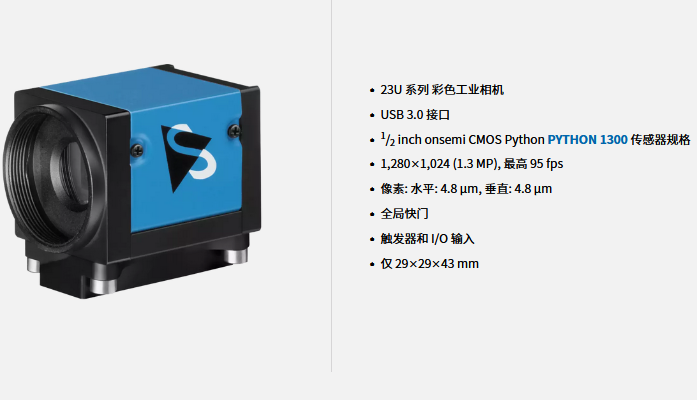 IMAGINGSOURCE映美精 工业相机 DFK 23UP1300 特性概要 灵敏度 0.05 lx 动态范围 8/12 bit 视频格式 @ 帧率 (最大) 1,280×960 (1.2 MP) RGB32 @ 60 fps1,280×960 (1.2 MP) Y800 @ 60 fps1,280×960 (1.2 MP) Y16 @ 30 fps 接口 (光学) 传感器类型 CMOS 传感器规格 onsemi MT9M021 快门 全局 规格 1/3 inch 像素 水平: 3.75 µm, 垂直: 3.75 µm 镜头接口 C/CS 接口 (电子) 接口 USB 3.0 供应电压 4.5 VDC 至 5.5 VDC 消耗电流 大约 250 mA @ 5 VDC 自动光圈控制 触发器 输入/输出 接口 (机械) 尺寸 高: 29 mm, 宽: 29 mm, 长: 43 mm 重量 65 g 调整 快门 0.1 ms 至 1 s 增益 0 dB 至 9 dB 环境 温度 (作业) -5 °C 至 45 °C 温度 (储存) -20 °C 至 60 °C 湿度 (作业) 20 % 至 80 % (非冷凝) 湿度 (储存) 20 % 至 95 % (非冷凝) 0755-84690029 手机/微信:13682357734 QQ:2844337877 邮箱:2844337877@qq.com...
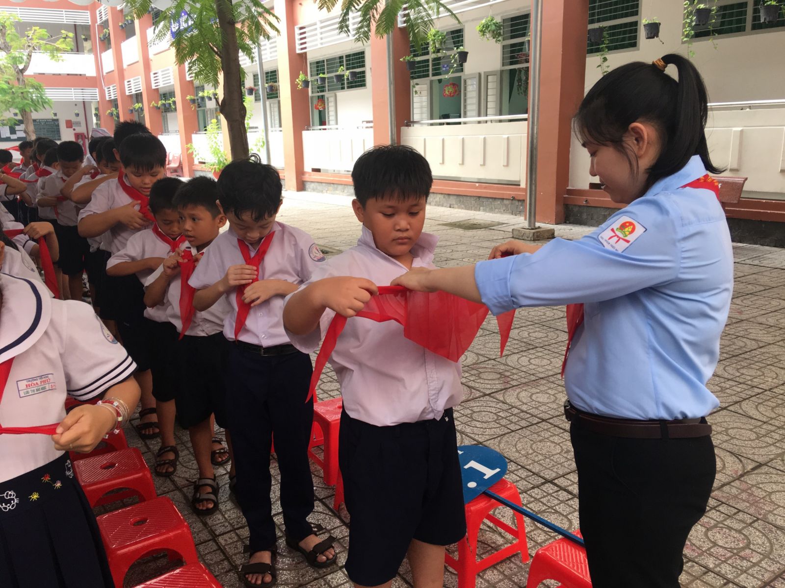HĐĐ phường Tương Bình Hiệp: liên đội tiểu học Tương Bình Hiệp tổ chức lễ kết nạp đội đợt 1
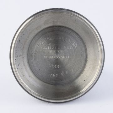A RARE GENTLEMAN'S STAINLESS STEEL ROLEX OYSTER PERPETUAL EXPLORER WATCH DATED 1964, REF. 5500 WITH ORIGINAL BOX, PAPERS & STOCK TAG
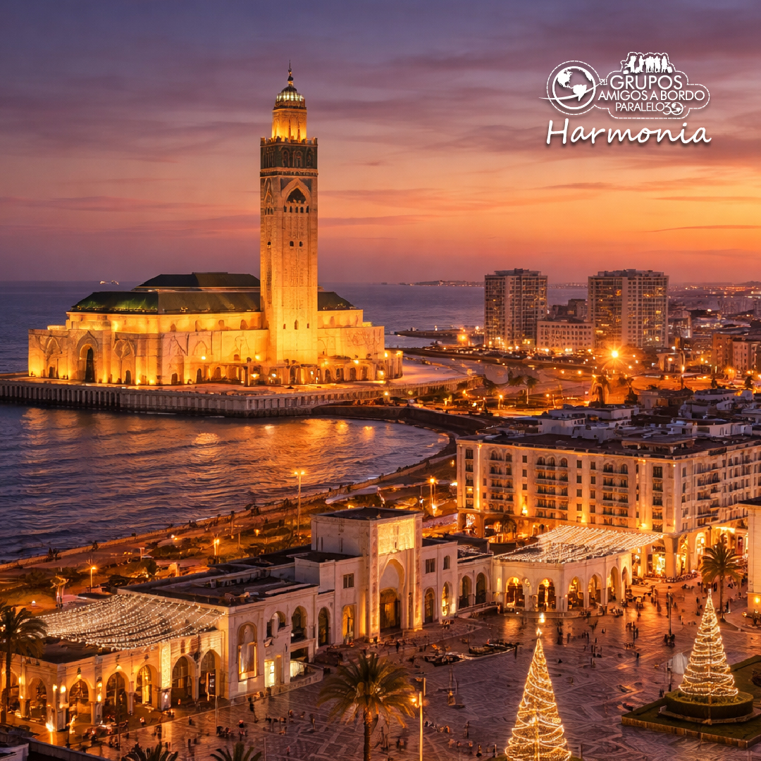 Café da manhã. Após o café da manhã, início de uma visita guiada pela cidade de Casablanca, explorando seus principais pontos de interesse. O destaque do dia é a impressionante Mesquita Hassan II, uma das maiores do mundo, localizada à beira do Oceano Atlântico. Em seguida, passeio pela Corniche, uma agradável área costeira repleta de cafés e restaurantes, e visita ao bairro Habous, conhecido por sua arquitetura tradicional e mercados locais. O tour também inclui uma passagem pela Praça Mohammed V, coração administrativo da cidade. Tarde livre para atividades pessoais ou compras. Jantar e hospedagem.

-- -- --

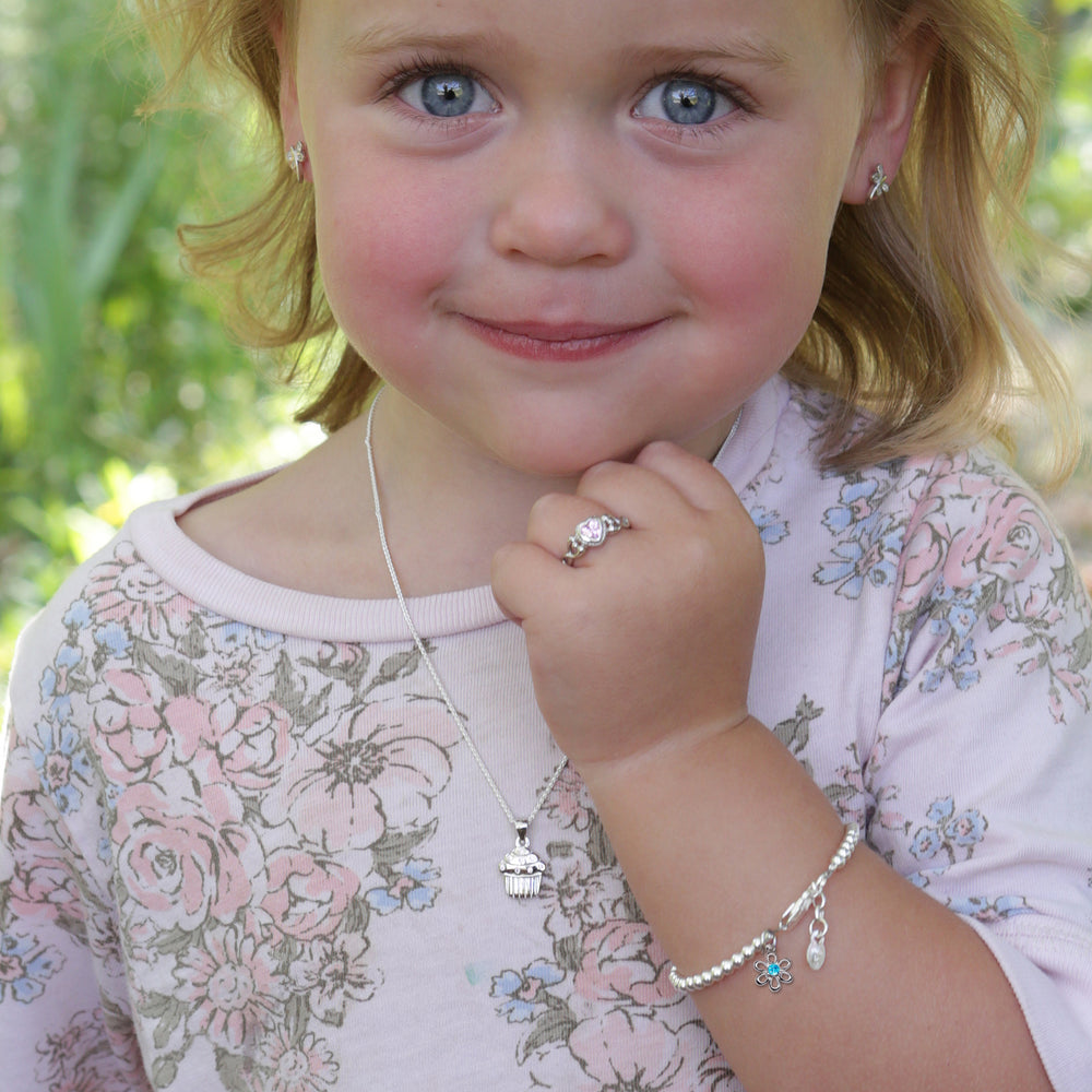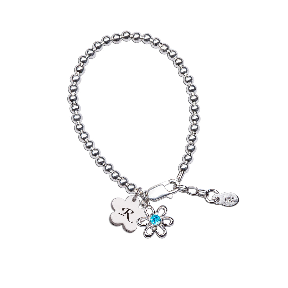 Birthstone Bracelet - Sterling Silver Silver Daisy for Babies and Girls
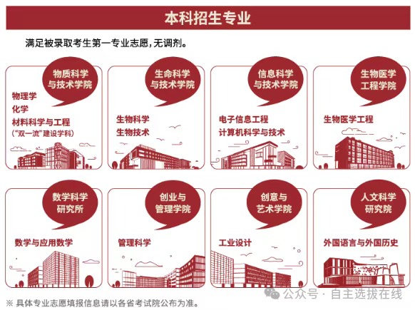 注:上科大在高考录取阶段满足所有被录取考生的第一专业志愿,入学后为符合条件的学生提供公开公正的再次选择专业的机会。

-- -- --

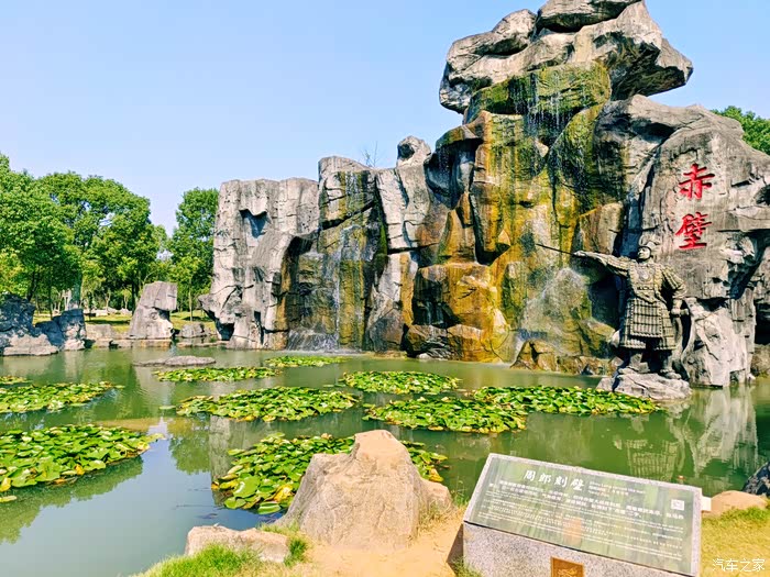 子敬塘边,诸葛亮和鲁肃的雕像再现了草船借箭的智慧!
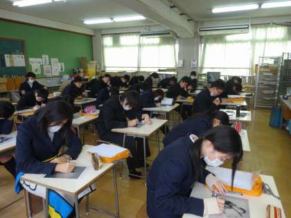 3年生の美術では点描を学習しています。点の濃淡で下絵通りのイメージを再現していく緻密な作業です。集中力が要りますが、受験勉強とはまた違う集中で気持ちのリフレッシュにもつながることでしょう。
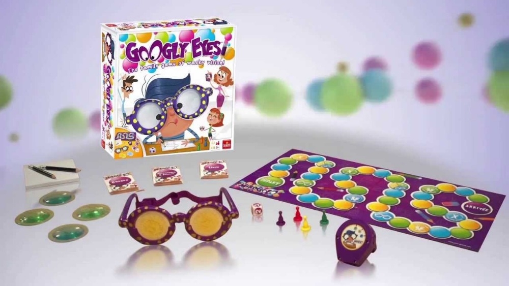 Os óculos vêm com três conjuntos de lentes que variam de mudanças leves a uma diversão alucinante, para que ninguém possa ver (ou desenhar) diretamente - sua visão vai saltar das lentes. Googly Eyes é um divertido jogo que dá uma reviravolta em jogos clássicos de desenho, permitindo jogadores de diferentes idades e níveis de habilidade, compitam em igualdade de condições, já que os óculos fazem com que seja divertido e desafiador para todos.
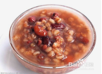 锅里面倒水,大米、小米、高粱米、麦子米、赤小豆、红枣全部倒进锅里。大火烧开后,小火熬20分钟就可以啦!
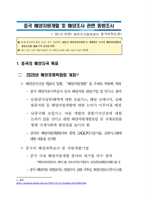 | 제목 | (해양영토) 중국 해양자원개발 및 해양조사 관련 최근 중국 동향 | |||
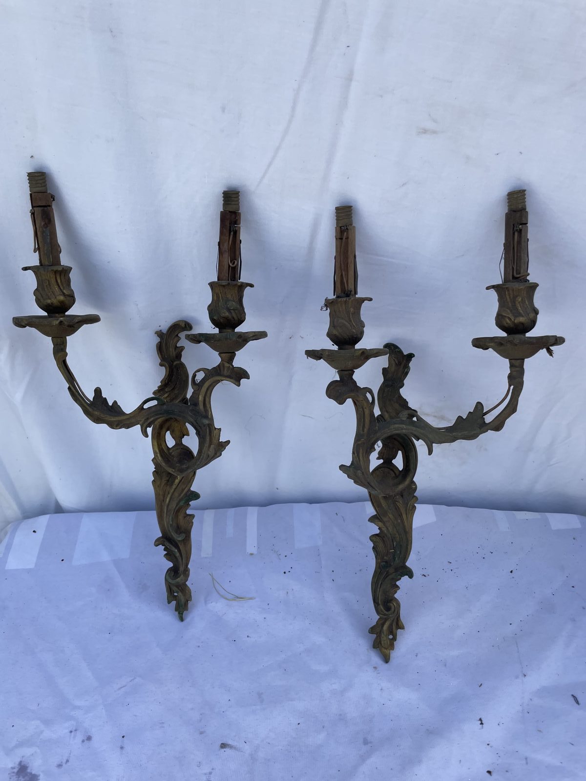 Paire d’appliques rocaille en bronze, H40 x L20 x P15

-- -- --

TASK TO CARRY OUT:
What you write out is the stretch of entries from the line containing "Birthstone Bracelet - Sterling" to the line containing "注:上科大在高考录取阶段满足", word for word, with both end lines and no pictures.

REPLY:
 Birthstone Bracelet - Sterling Silver Silver Daisy for Babies and Girls
 注:上科大在高考录取阶段满足所有被录取考生的第一专业志愿,入学后为符合条件的学生提供公开公正的再次选择专业的机会。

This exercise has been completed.